<<<<

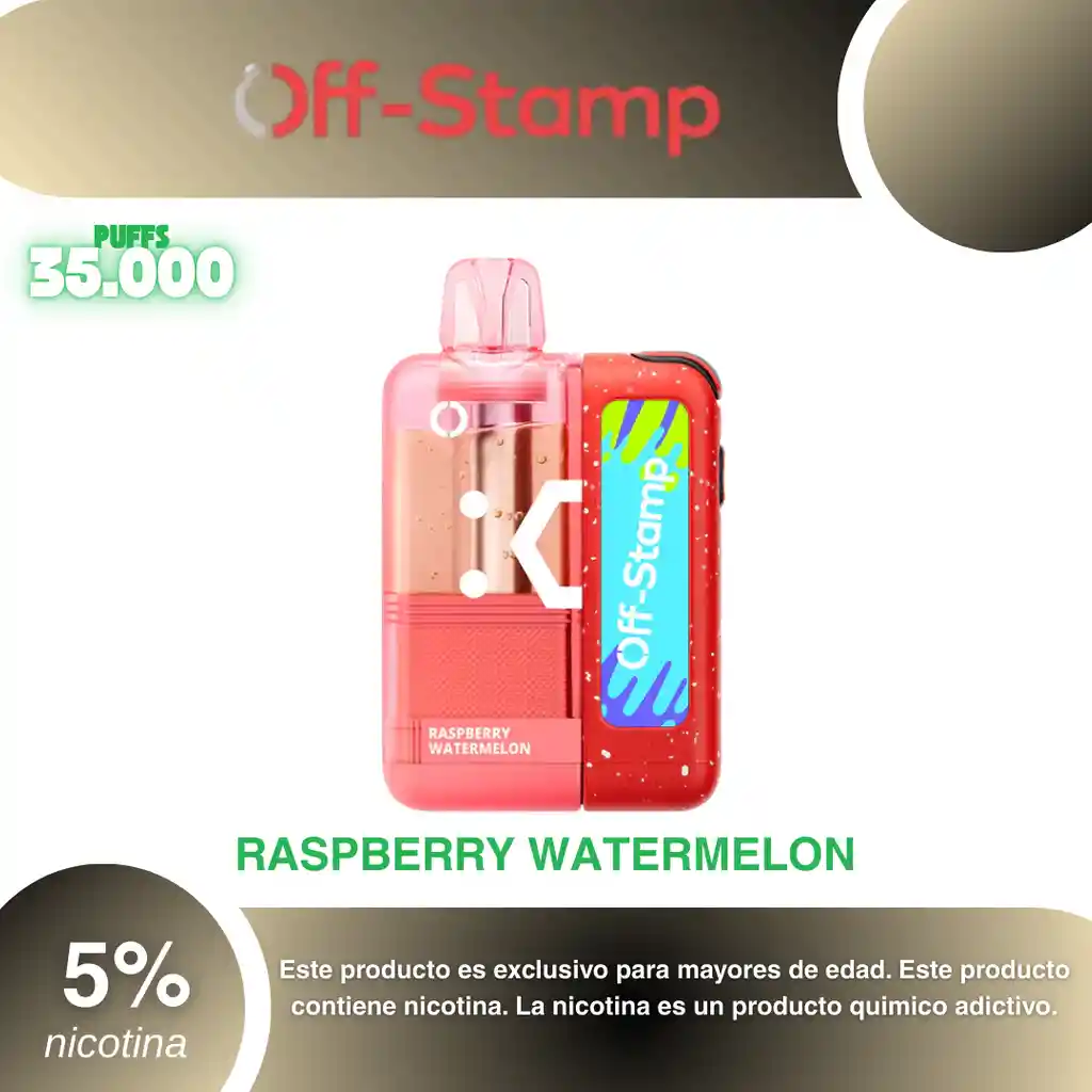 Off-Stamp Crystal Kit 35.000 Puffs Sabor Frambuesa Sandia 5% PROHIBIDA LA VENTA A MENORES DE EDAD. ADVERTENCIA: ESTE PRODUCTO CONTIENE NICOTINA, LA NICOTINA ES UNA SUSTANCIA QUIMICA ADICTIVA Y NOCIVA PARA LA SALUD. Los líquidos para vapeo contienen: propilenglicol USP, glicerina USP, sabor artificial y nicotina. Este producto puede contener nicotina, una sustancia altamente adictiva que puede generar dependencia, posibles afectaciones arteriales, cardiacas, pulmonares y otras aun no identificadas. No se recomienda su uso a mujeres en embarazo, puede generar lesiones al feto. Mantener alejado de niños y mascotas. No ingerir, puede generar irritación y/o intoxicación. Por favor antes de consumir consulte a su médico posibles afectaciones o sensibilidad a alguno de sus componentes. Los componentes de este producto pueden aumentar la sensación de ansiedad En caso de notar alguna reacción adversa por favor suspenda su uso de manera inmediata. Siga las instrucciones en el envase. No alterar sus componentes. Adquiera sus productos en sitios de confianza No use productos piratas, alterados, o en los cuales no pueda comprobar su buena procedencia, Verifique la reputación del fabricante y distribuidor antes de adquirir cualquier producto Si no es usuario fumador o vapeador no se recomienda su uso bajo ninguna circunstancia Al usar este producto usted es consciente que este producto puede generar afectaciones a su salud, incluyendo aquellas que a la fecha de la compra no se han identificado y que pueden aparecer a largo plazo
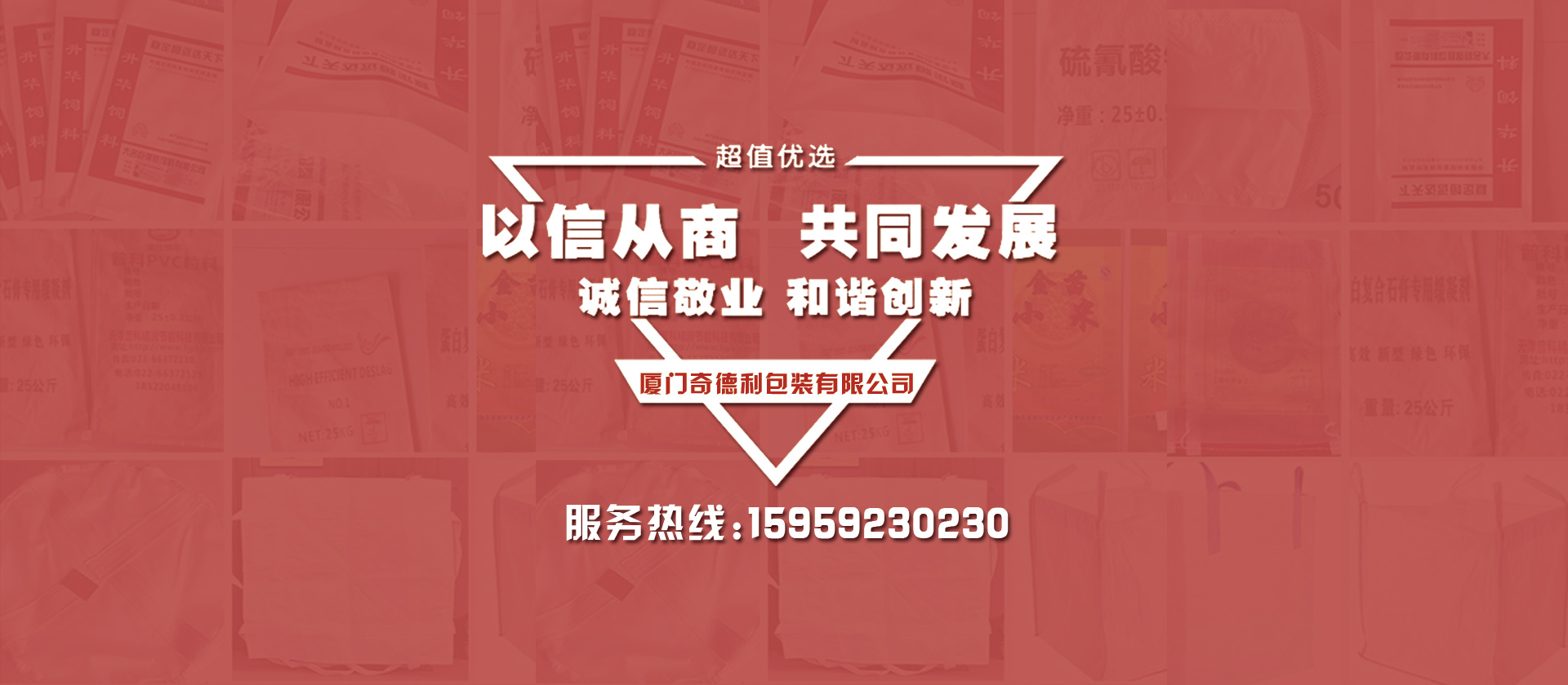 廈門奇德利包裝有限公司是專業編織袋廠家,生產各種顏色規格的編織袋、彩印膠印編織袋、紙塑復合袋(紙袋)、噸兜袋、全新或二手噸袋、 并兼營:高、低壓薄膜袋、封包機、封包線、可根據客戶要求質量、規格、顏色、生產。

>>>>
<<<<

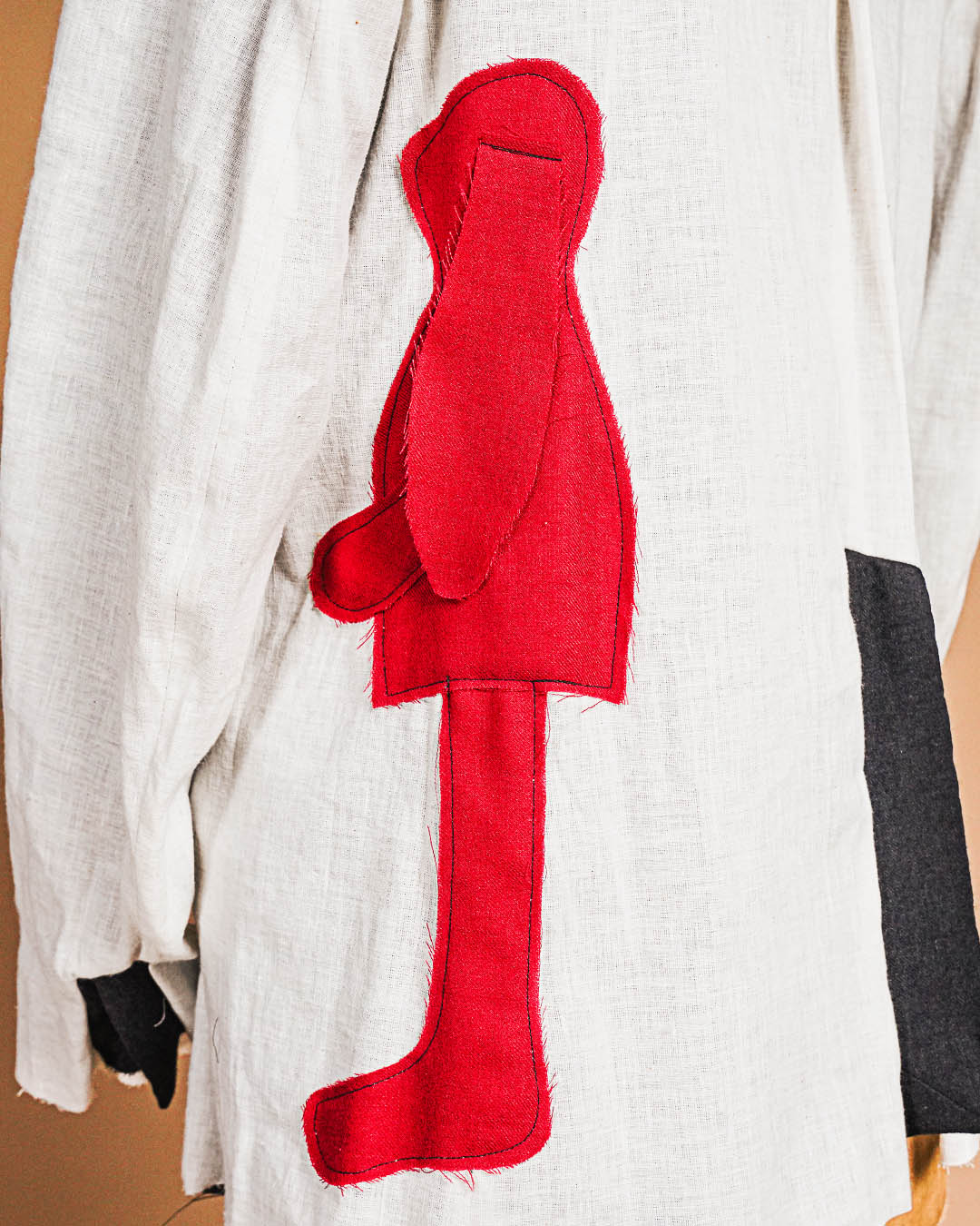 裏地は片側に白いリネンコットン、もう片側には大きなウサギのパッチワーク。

>>>>
<<<<

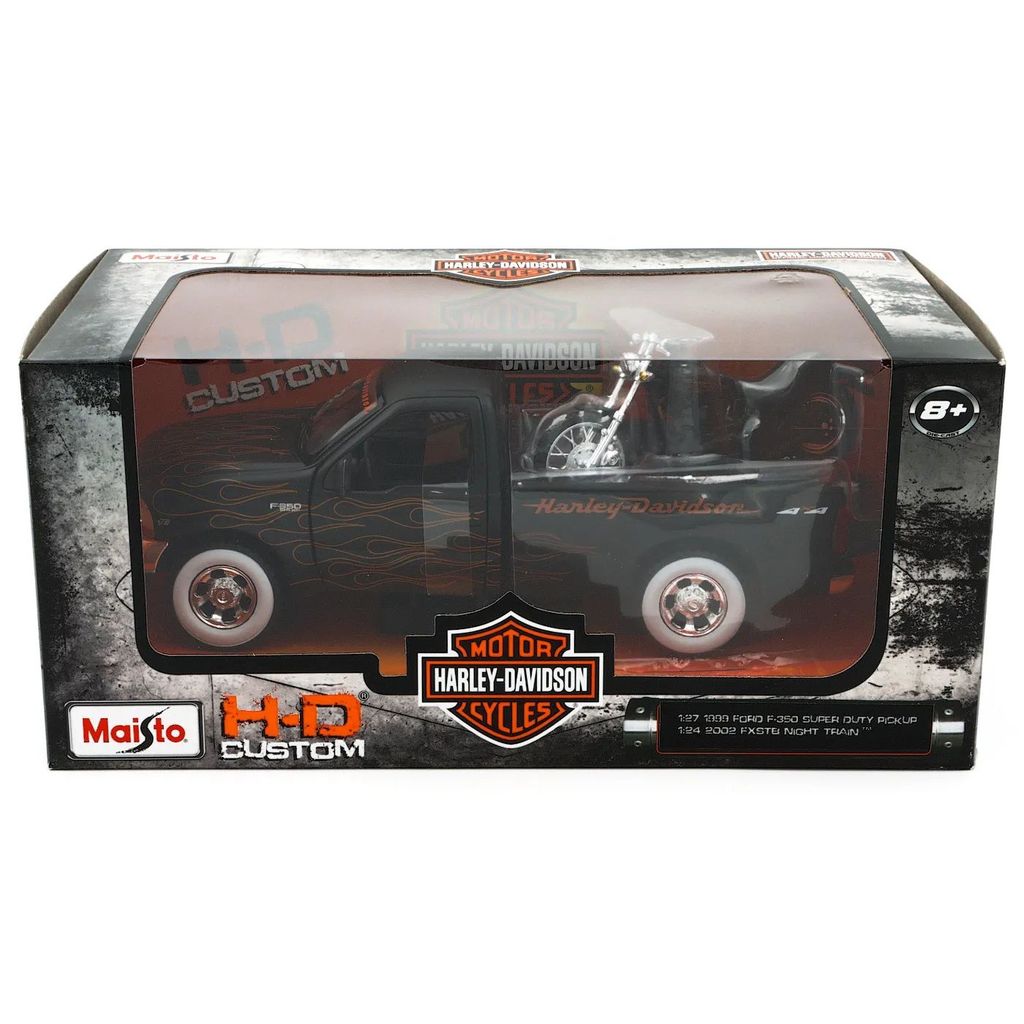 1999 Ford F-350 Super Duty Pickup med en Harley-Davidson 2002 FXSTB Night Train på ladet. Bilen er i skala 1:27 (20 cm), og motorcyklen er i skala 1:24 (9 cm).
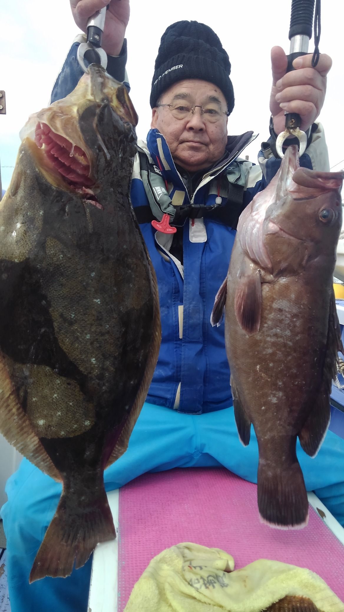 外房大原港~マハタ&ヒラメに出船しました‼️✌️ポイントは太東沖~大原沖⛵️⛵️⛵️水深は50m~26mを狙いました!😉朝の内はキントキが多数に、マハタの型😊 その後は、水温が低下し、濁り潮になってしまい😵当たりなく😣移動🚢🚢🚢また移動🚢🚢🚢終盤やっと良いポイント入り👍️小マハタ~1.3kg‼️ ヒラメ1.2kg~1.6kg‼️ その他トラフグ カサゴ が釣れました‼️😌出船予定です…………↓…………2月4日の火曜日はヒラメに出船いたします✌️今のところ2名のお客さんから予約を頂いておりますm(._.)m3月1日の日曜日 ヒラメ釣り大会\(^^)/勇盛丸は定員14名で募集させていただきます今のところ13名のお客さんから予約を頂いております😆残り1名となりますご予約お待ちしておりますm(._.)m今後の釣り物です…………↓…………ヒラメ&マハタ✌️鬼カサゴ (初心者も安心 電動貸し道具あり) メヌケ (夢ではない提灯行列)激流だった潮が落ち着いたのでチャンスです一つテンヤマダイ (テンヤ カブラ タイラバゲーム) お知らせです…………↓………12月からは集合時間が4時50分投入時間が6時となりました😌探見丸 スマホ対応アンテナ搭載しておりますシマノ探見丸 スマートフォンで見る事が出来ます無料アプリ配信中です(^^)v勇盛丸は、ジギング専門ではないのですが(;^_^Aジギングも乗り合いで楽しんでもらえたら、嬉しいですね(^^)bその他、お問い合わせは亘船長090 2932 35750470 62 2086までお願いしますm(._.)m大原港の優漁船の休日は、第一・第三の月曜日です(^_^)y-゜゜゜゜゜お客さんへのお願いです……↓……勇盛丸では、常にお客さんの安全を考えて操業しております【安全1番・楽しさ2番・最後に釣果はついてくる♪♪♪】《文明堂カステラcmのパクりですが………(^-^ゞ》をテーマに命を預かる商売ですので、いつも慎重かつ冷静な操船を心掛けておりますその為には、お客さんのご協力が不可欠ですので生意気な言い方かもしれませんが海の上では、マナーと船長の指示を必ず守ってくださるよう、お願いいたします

>>>>

- WHAT TO WORK ON
All lines above from the one containing "Off-Stamp Crystal Kit" up to and including the one containing "廈門奇德利包裝有限公司是專業" are to be set down exactly, and nothing else. Leave images out.

- EXERCISE RESULT
 Off-Stamp Crystal Kit 35.000 Puffs Sabor Frambuesa Sandia 5% PROHIBIDA LA VENTA A MENORES DE EDAD. ADVERTENCIA: ESTE PRODUCTO CONTIENE NICOTINA, LA NICOTINA ES UNA SUSTANCIA QUIMICA ADICTIVA Y NOCIVA PARA LA SALUD. Los líquidos para vapeo contienen: propilenglicol USP, glicerina USP, sabor artificial y nicotina. Este producto puede contener nicotina, una sustancia altamente adictiva que puede generar dependencia, posibles afectaciones arteriales, cardiacas, pulmonares y otras aun no identificadas. No se recomienda su uso a mujeres en embarazo, puede generar lesiones al feto. Mantener alejado de niños y mascotas. No ingerir, puede generar irritación y/o intoxicación. Por favor antes de consumir consulte a su médico posibles afectaciones o sensibilidad a alguno de sus componentes. Los componentes de este producto pueden aumentar la sensación de ansiedad En caso de notar alguna reacción adversa por favor suspenda su uso de manera inmediata. Siga las instrucciones en el envase. No alterar sus componentes. Adquiera sus productos en sitios de confianza No use productos piratas, alterados, o en los cuales no pueda comprobar su buena procedencia, Verifique la reputación del fabricante y distribuidor antes de adquirir cualquier producto Si no es usuario fumador o vapeador no se recomienda su uso bajo ninguna circunstancia Al usar este producto usted es consciente que este producto puede generar afectaciones a su salud, incluyendo aquellas que a la fecha de la compra no se han identificado y que pueden aparecer a largo plazo
 廈門奇德利包裝有限公司是專業編織袋廠家,生產各種顏色規格的編織袋、彩印膠印編織袋、紙塑復合袋(紙袋)、噸兜袋、全新或二手噸袋、 并兼營:高、低壓薄膜袋、封包機、封包線、可根據客戶要求質量、規格、顏色、生產。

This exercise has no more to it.